About the Project
KAPSARC is developing the KAPSARC Toolkit for Behavioral Analysis (KTAB), an open source software platform, to support modeling and analysis of collective decisionmaking processes (CDMPs). KTAB is intended to be the standard platform for analyzing bargaining problems, generalized voting models, and policy decision-making. It is our intent to use KTAB to assemble the building blocks for a broad class of CDMPs. Typical models in KTAB will draw on the insights of subject matter experts regarding decision makers and influencers in a methodical, consistent manner; and then assist researchers to identify feasible outcomes that are the result of CDMPs.
Summary
The traditional economic approach to policy analysis is to utilize tools and methods developed within the field of economics and study the economic impact of one or more policies solely from an economic perspective. As a consequence, the “policies” are usually formulated and evaluated only by an assessment of the pure economic optimality of expected outcomes. Moreover, economic models typically treat policy choices as exogenously specified. Once policies are selected according to some exogenous process, then scenario analysis can be performed to simulate the economic impact of those policies.
On the other hand, explicit research into the policymaking process – and in particular models of the policymaking process, tend to oversimplify or ignore the economic outcomes of the policies debated among policymakers. In particular, modelers of what we broadly classify as collective decision making processes (CDMPs) – in other words, models that capture the process of political choice – tend to utilize simple, fixed models of economics, if any economic consideration is taken into account at all. The economic consequences, or the outcomes, of choices of actors are generally treated as the end points of models. The implications of policy choices, once arrived at, are typically left unexplored.
Either approach in isolation misses out on important interactions between political and economic phenomena. The economically optimal policy is rarely the option selected, and is often not even under consideration because of political considerations. Policies that may appear to be politically appealing at first blush can lose their charm once adopted, because of the economic impact upon attempts to implement them. In this paper, we argue that politics and economics are inextricably intertwined, and can be modeled as such. We develop a hybrid quantitative model of economics and CDMPs that allows us to capture the process of policymaking based on utilities derived from an endogenous economic model.

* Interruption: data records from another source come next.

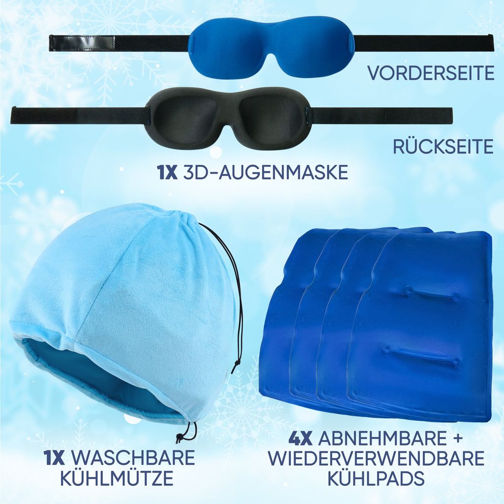 Kühlmütze EXTREM – Mit 4 Kühlakkus & 3D-Augenmaske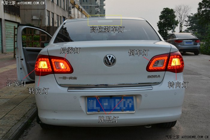 再看看性感屁屁上的灯光:刹车没拉起,所以刹车灯和高位刹车灯没有亮起。宝来的设计,后雾灯和倒车灯都只有一个,分列左右,很多人以为这是因为灯坏了,这下可以放心了吧?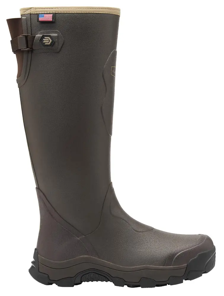 Based on looks alone, the LaCrosse Alpha Evolution was the first boot I grabbed. Made with Vibram XS TREK rubber compound for better traction and with an EVA rubber midsole, a fiberglass shank, a polyurethane footbed and a heel kick, this boot has the features to match its looks. Natural rubber over neoprene allows the boot to slip through heavy brush and briars damage-free. A neoprene gusset on the back allows for a tighter fit around the calf. For me, the jersey liner allowed the boot to slip on comfortably, and I left the calf tightener—which required both hands to adjust—in a fixed position. Color: Brown. Sizes: Whole 7 through 15. Height: 17¾". Weight: 5 pounds 13 ounces per pair. Price: $300. LaCrosse, lacrossefootwear.com.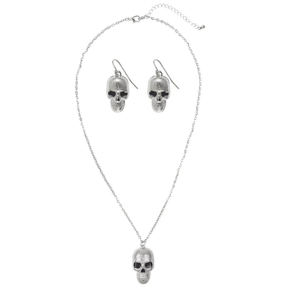 Set Accesorios Halloween Calavera Plateada 3 piezas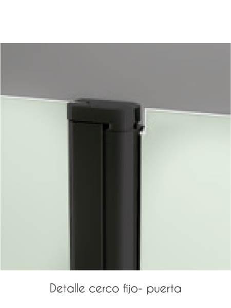 Mampara de ducha vaivén Prisma 1P perfil negro antical . Mampara abatible con perfilería negra.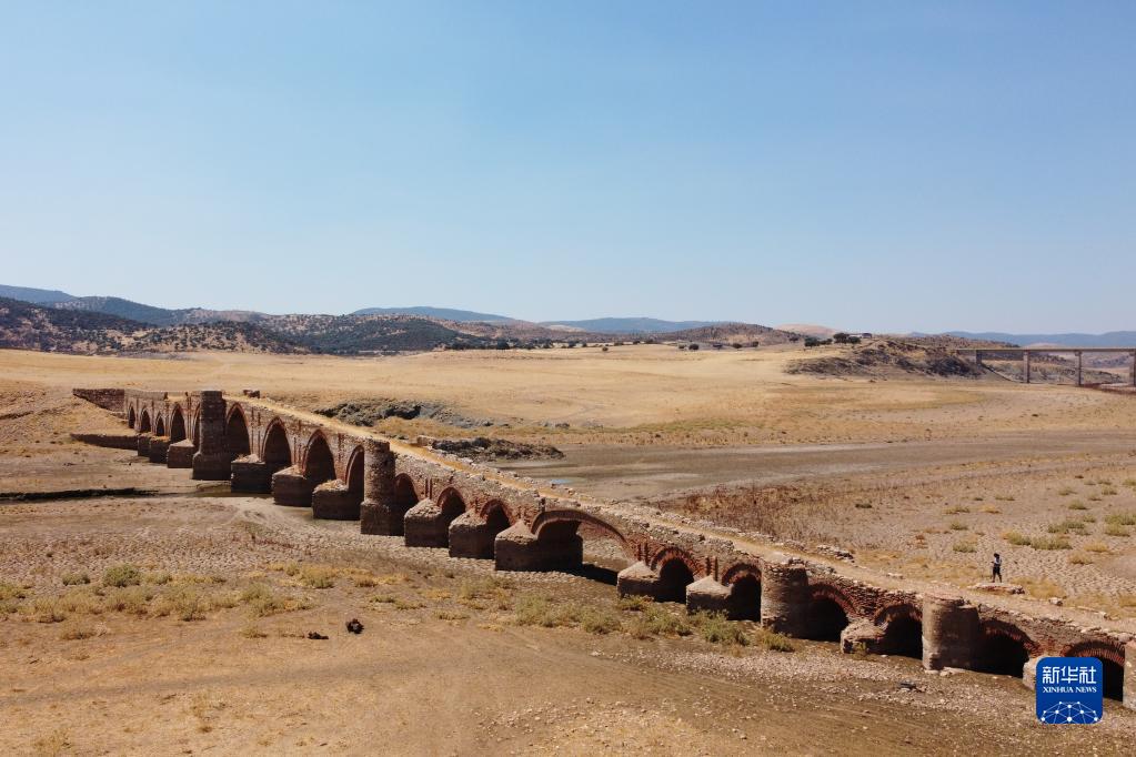 這是8月15日用無人機拍攝的干涸的西班牙錫哈拉水庫,上世紀50年代因水庫落成而被淹沒的梅斯塔古橋重見天日。

We develop this model with the KAPSARC Toolkit
for Behavioral Analysis (KTAB), which is an open
source platform for building CDMP models. All
KTAB models represent stochastic decision-making
among comparatively small numbers of actors or
stakeholder groups – more than one, but less than
hundreds – within the paradigm of Probabilistic
Condorcet Elections (PCE). Even in formal voting
situations, such as in government or boardrooms,
informal influence-based negotiation is truly what
drives voting – an obvious example of this is
lobbyists influencing U.S. senators – so we need a
negotiation model that captures this behavior. The
PCE is a general framework for modeling this type
of informal policymaking process; this framework is
extremely flexible, and lacks restrictive assumptions
present in others.
In this paper, to demonstrate our approach, we develop a CDMP based on the PCE, in which actors represent sectors in a Leontief economy. Each actor negotiates and forms coalitions so as to maximize its (the actor’s) utility. The data we used are synthesized from real data representing nine sectors and three actors of production in the U.S. economy from 1981. Applied to these data, our model demonstrates that strategically sophisticated economic policies can be generated using an integrated CDMP framework.